So the next time I'm out photographing a con, I'll try not to assume every cosplayer knows how awesome s/he looks. I'll try to look up more, compliment more. I'll try to smile more. These are our safe spaces in the real world - or they should be -  and it's up to us to look out for each other.

If you've never been to a con, I hope you'll try one sometime. I hope you'll put on your most obscure geek shirt, or that crazy anime wig that's gathering dust in the closet, and go have fun. Nothing makes a place more welcoming than big smiles and a little silliness. And if you're a little shy or scared or awkward? Well, hey, at a con, so is everyone else. So go ahead and say hi. Compliment a costume. High-five a Deadpool. Take a chance and engage a little. Be brave.

Let's bring what we have here on Epbot and on FOE into the real world.
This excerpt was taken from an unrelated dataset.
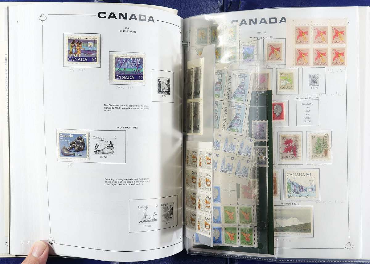 A regular Unitrade album with pages to 2007 in a large (and indestructible) industrial binder, with stamps up to the Titanic 2012 issue. The stamps mounted to the page are mostly used examples, with thin coverage up to King George VI and then hit or miss for the balance (but there are about 700 stamps in total). Interspersed within the album are a number of plastic folders or page protectors with assorted mint stamps, sheetlets, souvenir sheets, Canada Post packs, etc. from the 8c era forward have a total face value. The face value alone adds up to over $200.00. Estimate =

And hey, if you ever see a pretty girl in a big ballgown and a feathered hair piece, go say hi for me.



****


P.S.
I needed a picture for this post so I googled "rainbow unicorn onesie" and it did NOT disappoint:




64 comments:

  1. *Big virtual hugs* to both of you (and anyone else who needs it <3). I haven't been to many cons in my life, but I hope that I have been giving of good vibes and been positive when asking for photos. I will certainly make sure that I am going forward :).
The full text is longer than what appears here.